Work item
Your answer should contain only the lines from the top of the data below down through the one with "Accomplish outdoor tasks", transcribed exactly and without pictures; please include nothing more.

Information supplied
┌──
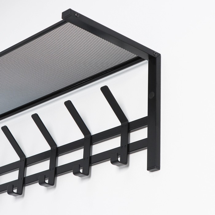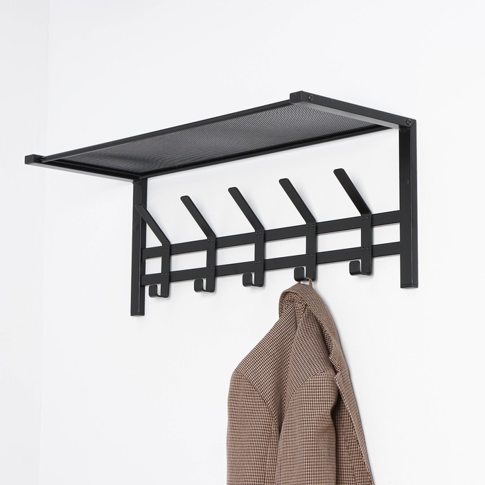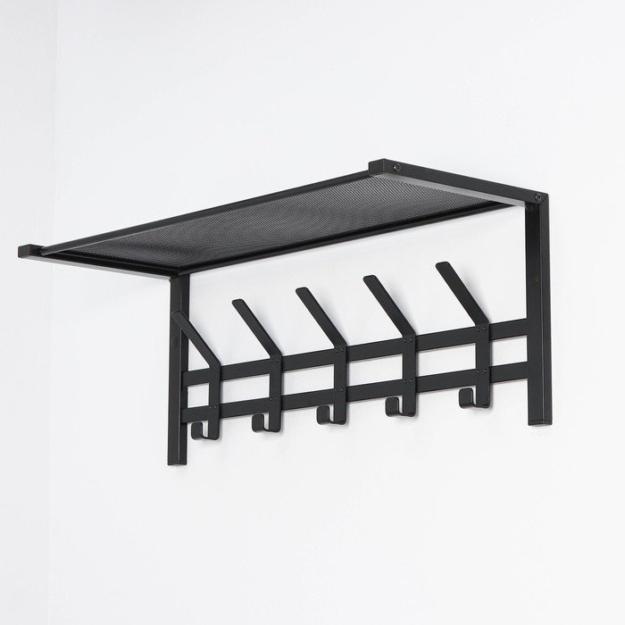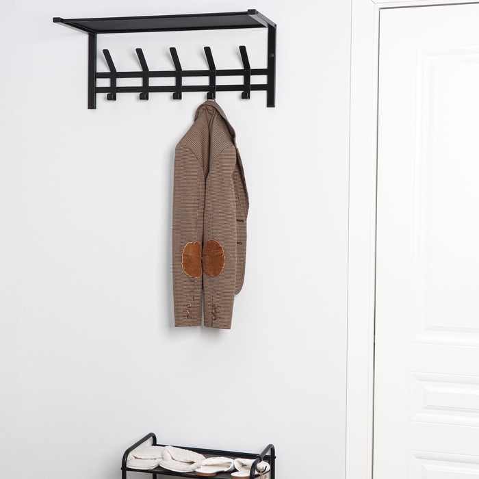 Вешалка с полкой «Торонто 21», 67×27×27 см, 5 двойных крючков, цвет чёрный
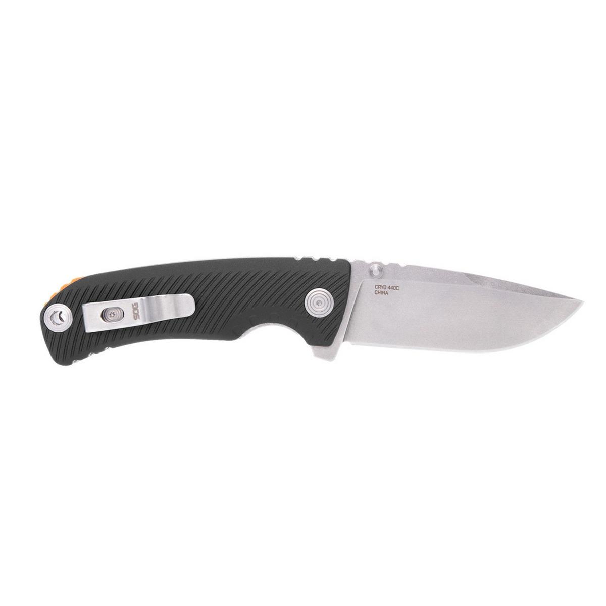 Accomplish outdoor tasks with a single free hand due to Tellus ATK's assisted opening frame lock mechanism. The open frame lock design has been engineered to mitigate the effects of dirt, mud and other debris that can foul more complicated systems and the blade locks on to the sturdy metal frame and simulates the strength of a rugged fixed blade knife. The deep belly CRYO 440C stainless steel blade provides plenty of backbone to this outdoor workhorse while offering a sharp and durable edge. The GRN handle is durable and textured to provide a sure and safe grip in the wet or dry, with gloves and without. Item SOG-11-06-02-43
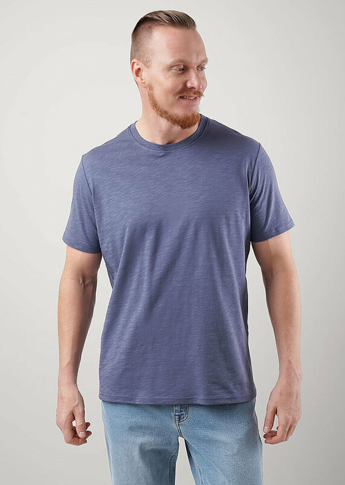 Футболка мужская с округлой горловиной и коротким втачным рукавом из фактурного полотна ""флам"". Изделие дополнено имиджевым принтом в цвет полотна. Данная модель прекрасно комбинируется с джинсами или шортами благодаря своей универсальности.
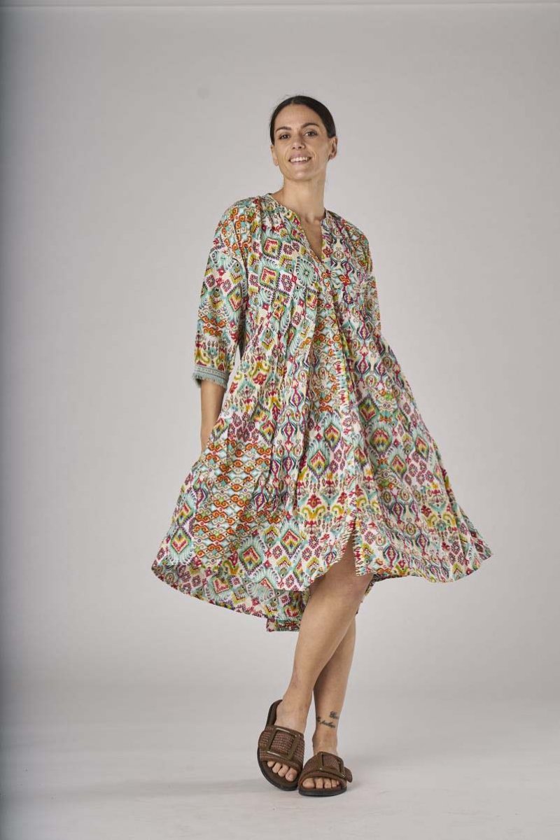 La vivace fantasia atzeca, la scollatura coreana aperta impreziosiscono l’abito Tangeri: perfetto per animare il tuo guardaroba! Maniche 3/4 con volant– Aperto con balze e tasche – Scollo a V profondo– 100% Cotone
└──
Worked solution
 Вешалка с полкой «Торонто 21», 67×27×27 см, 5 двойных крючков, цвет чёрный
 Accomplish outdoor tasks with a single free hand due to Tellus ATK's assisted opening frame lock mechanism. The open frame lock design has been engineered to mitigate the effects of dirt, mud and other debris that can foul more complicated systems and the blade locks on to the sturdy metal frame and simulates the strength of a rugged fixed blade knife. The deep belly CRYO 440C stainless steel blade provides plenty of backbone to this outdoor workhorse while offering a sharp and durable edge. The GRN handle is durable and textured to provide a sure and safe grip in the wet or dry, with gloves and without. Item SOG-11-06-02-43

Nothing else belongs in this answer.